The Amsterdam Dream

Read in ‘’Landscapes of Power’ (1991) of Sharon Zukin:

 

Walt Disney, the urbanist, is one of my heroes. His EPCOT, dating from 1982, was a very optimistic, brave enterprise, a utopian landscape of imagination that inspired many ordinary people. EPCOT is the abbreviation of the Experimental Prototype Community of Tomorrow. Disney wanted to build it in Orlando, Florida. He wrote: “It will be a city that caters to the people as a service function. It will be a planned, controlled community, a showcase for American industry and research, schools, cultural and educactional opportunities. In EPCOT there will be no landowners and therefore no voting control. No slum areas because we will not let them develop. People will rent houses instead of buying them, and at modest rentals. There will be no retirees. Everyone must be employed.” Doesn’t that sound great? It was the American dream. Sharon Zukin describes it as a conservative utopia. She thinks Disney’s ability to abstract the desires of the powerless and project them as a landscape for mass visual consumption was new and very influential. With EPCOT, she writes, Disney stimulated a whole regional complex of service-sector activities around tourism and real estate development.

So why do I admire Disney? Because of his braveness in the first place, and his utopian vision. But also his effectiveness in boosting an economy.
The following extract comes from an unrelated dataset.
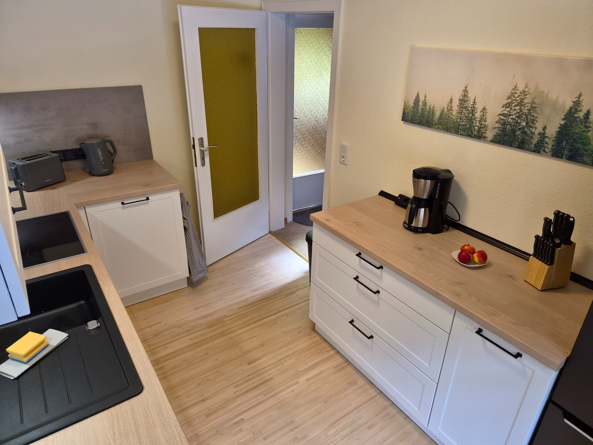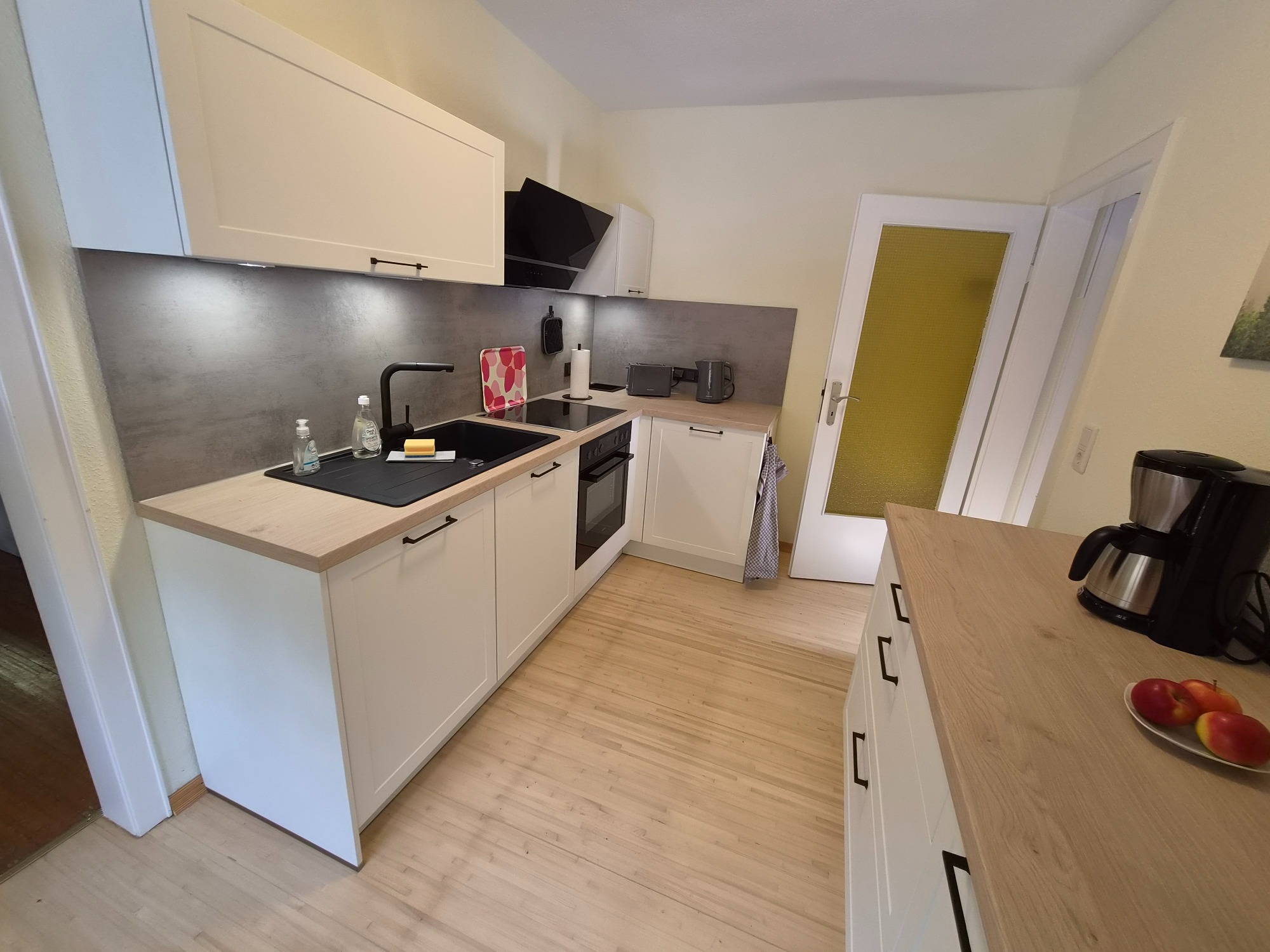 Unsere Küche ist vollständig und modern ausgestattet und bietet alles, was Sie für Ihren Aufenthalt benötigen. Sie verfügt über einen Toaster, Wasserkocher, Eierkocher sowie eine Kaffeemaschine. Eine umfangreiche Küchenausstattung mit allen wichtigen Utensilien ermöglicht Ihnen die bequeme Zubereitung Ihrer Mahlzeiten.

Our People’s Industry Palace (PIP) that will open mid April this year in Amsterdam, is, in a way, a different EPCOT, a fair, an exhibition, a playground, a community center, and a showplace of beauty and magic. It is a very optimistic enterprise on the future of the city that will abstract the dreams of children and project them as a landscape for mass visual production, (not mass consumption). It is utopian, but progressive this time, and everything will be out of control. It is a European dream. In the Palace the young will share their personal dreams on the future, and all their dreams might come true. Why? Because the people will empower themselves. They will no longer be consumers like my generation, but producers of their own future. Their future will be more prosperous, sustainable, far better than the one we created by consuming ourselves to death. They will succeed because they will cooperate, not compete. PIP will be their platform. It will generate a new kind of economy. Mr. Disney, you inspired me.